Reemergence of ocular dominance plasticity during recovery from the effects of propranolol infused in kitten visual cortex.

We wanted to know whether ocular dominance plasticity can increase under the condition in which the number of available beta adrenoreceptors is expected to increase within kitten visual cortex. We adopted a paradigm in which monocular lid suture was carried out some time after the termination of direct infusion of the cortex with a beta adrenoreceptor antagonist. A significant change in ocular dominance was obtained as shown by a decrease in binocular cortical neurons, when time interval between the end of the d,l-propranolol infusion and the start of monocular deprivation was one week.
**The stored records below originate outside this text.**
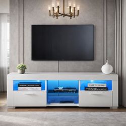 53” White Morden TV Stand with LED Lights [NEW] **Assembly Req** $100City Of Industry, CA
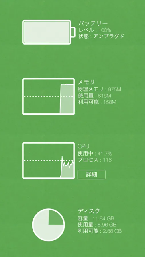 You can use it view your iDevice's battery, memory, CPU processes and disk space status quickly.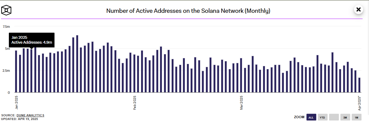 具体来说,Solana的每日活跃地址在1月份达到了650万个的峰值。根据最新数据,这一数字已降至约167万个。尽管如此,即使情况已经降温,该网络仍然继续表现出显著的活动。活跃地址的下降反映了外部宏观经济的影响。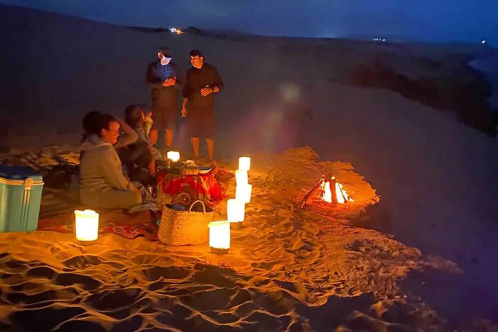 After sunset, enjoy a freshly prepared Moroccan tagine, soft drinks and fresh seasonal fruits served in a magical desert setting.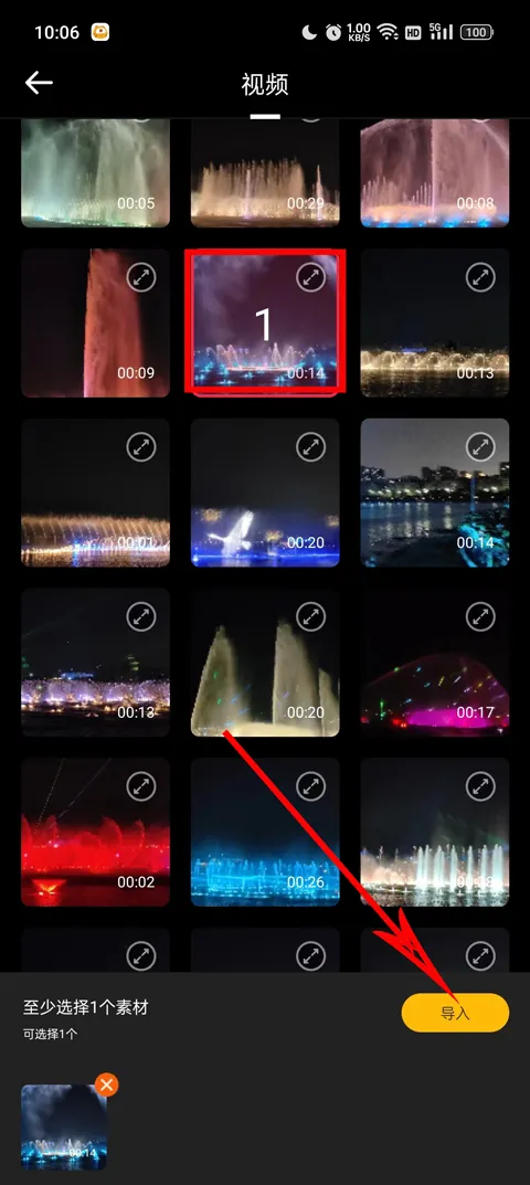 2、首先进入到视频剪辑,在相册中导入一个素材,选择后进入导入;

With a 3-week interval (the longest tested), an even greater change in ocular dominance was evident. This consisted of a marked decrease in binocular neurons and a shift in ocular dominance toward the nondeprived eye. In a control study an inert stereoisomer, d-propranolol, did not block the ocular dominance shift. These results were interpreted as suggesting that the level of ocular dominance plasticity becomes high in parallel to an expected increase in availability of beta adrenoceptors for endogenous noradrenaline (NA). We next asked whether it is possible to accelerate or decelerate the naturally occurring recovery of ocular dominance plasticity. When either NA or tunicamycin (an inhibitor of protein glycosylation) was infused into the same cortical area immediately after the end of the propranolol infusion, opposite effects were observed: exogenous NA accelerated the recovery of the shift in ocular dominance and tunicamycin suppressed it. When tunicamycin infusion was delayed by one week, however, its suppressive effect was negligible. Thus, the restoration of ocular dominance plasticity seems to occur in parallel to an increase in the availability of beta adrenoreceptors for endogenous as well as exogenous NA.